First, bit of background for the tables. These are mobile application statistic tables that have a high volume of inserts, but we only use the last 48 hours of data. So we have a job that runs every night to truncate the partition for WEEKDAY(now()) -2 to purge the data after we no longer need it.
The behavior I'm running into is that for certain range based on our datetime column, the optimizer thinks that there is no/limited data in the partition.
Example w/ smaller test table:
Quote
root@local-3306 [debuglog_test]>alter table stats_201402 PARTITION BY LIST (WEEKDAY(created))
-> (PARTITION p0 VALUES IN (0) ENGINE = InnoDB,
-> PARTITION p1 VALUES IN (1) ENGINE = InnoDB,
-> PARTITION p2 VALUES IN (2) ENGINE = InnoDB,
-> PARTITION p3 VALUES IN (3) ENGINE = InnoDB,
-> PARTITION p4 VALUES IN (4) ENGINE = InnoDB,
-> PARTITION p5 VALUES IN (5) ENGINE = InnoDB,
-> PARTITION p6 VALUES IN (6) ENGINE = InnoDB);
Query OK, 426763 rows affected (3 min 14.18 sec)
Records: 426763 Duplicates: 0 Warnings: 0
root@local-3306 [debuglog_test]>explain SELECT count(*) as cnt FROM debuglog_test.stats_201402 _BASE WHERE _BASE.`created` BETWEEN '2014-02-11 00:00:00' AND '2014-02-11 23:59:59';
+----+-------------+-------+-------+---------------+---------+---------+------+------+--------------------------+
| id | select_type | table | type | possible_keys | key | key_len | ref | rows | Extra |
+----+-------------+-------+-------+---------------+---------+---------+------+------+--------------------------+
| 1 | SIMPLE | _BASE | range | created | created | 5 | NULL | 1 | Using where; Using index |
+----+-------------+-------+-------+---------------+---------+---------+------+------+--------------------------+
1 row in set (0.08 sec)
root@local-3306 [debuglog_test]>explain SELECT count(*) as cnt FROM debuglog_test.stats_201402 _BASE WHERE _BASE.`created` BETWEEN '2014-02-12 00:00:00' AND '2014-02-12 23:59:59';
+----+-------------+-------+-------+---------------+---------+---------+------+--------+--------------------------+
| id | select_type | table | type | possible_keys | key | key_len | ref | rows | Extra |
+----+-------------+-------+-------+---------------+---------+---------+------+--------+--------------------------+
| 1 | SIMPLE | _BASE | range | created | created | 5 | NULL | 178318 | Using where; Using index |
+----+-------------+-------+-------+---------------+---------+---------+------+--------+--------------------------+
1 row in set (0.08 sec)
Both of those ranges have roughly the same amount of actual rows in them; however, the explain estimates the first as 1 and the second as 178k. When we start running more complicated queries, the optimizer starts using the wrong indexes because it uses a false estimation on the cost of using the created index. Analyzing the table or partitions does not update the cost estimation for the datetime range.

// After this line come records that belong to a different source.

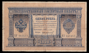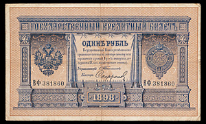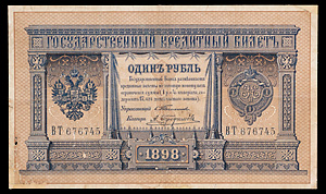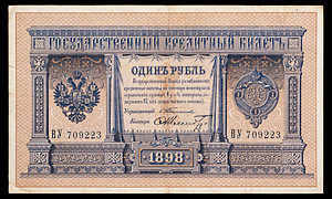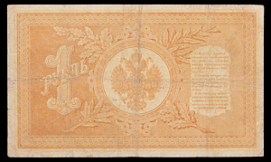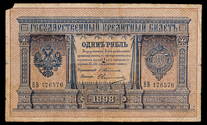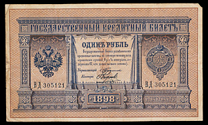 Государственный Кредитный Билет 1 рубль 1898 года, ВД 305121. С подписью управляющего С. Тимашева, кассир Наумов. Сохранность очень хорошая+. Кардаков# I.1.686. Денисов# К-24.2. Рябченко# 701а.
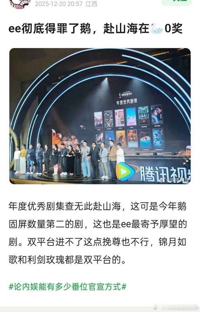 2025腾讯视频金鹅荣誉希望其他平台也学鹅这么严厉,这样长剧市场感到压力才会进步。
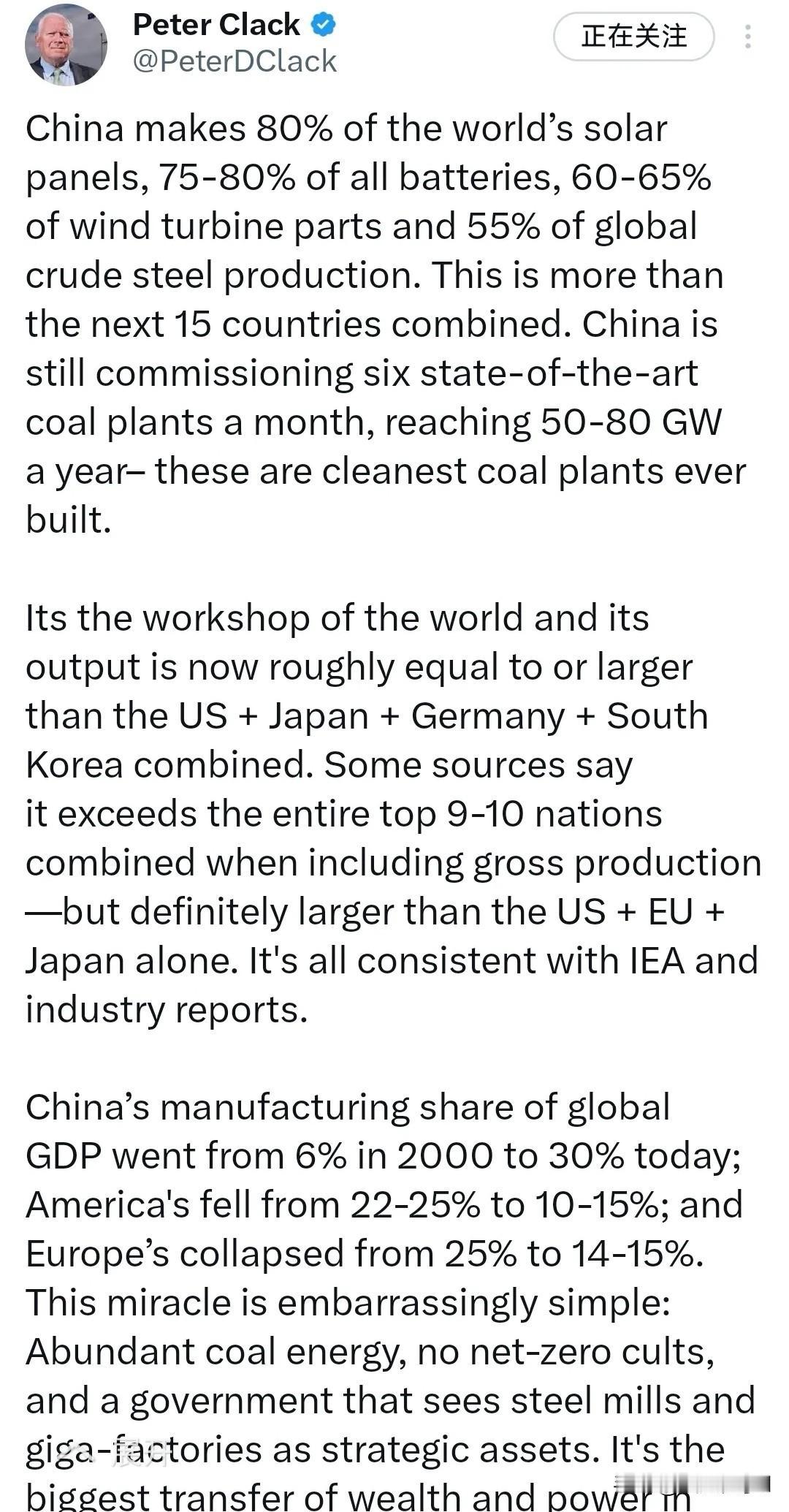 澳科学家发文盛赞中国制造业,西方网友炸锅 澳科学家皮特·克拉克1月1日发文夸中国制造业,帖子在全球疯传。 克拉克列出实打实数据,中国太阳能电池板占全球80%产量,电池占75-80%,风力涡轮机部件占60-65%,粗钢占55%,都超过紧随其后15国总和。每月还在投产6座最先进燃煤电厂,年产能50-80吉瓦。中国制造业产出堪比美日德韩总和,占全球GDP比重从2000年6%涨到30%,而美国欧洲占比纷纷下滑。 最新消息显示,工信部2025年底确认,中国制造业占全球比重约30%,连续15年全球第一。网友争议挺热闹,有人说这数据硬核到不敢信,有人吐槽西方就是酸了,还有人说中国是真靠谱。这事儿根源很简单,中国不搞“净零崇拜”,把工厂当战略资产,加上完整产业链,就像全球产业的顶梁柱,稳稳托住产能。 西方不少国家光喊口号不实干,中国却闷头搞生产,这场权力转移没动一枪一炮。这事让全球看清制造业实力才是硬道理,也让西方不得不重新审视中国。 你觉得中国制造业的优势还能保持多久?评论区聊聊。

Removing the partitioning by weekday, however, does remedy this issue. It is not limited to just partitioning by list of weekdays though. I also partitioned by day of the month, via hash, list & range, and received the same results.
I've tried tweaking the various innodb_stats_X_X variables to update stats more frequently/less frequently and nothing has seemed to affect this behavior.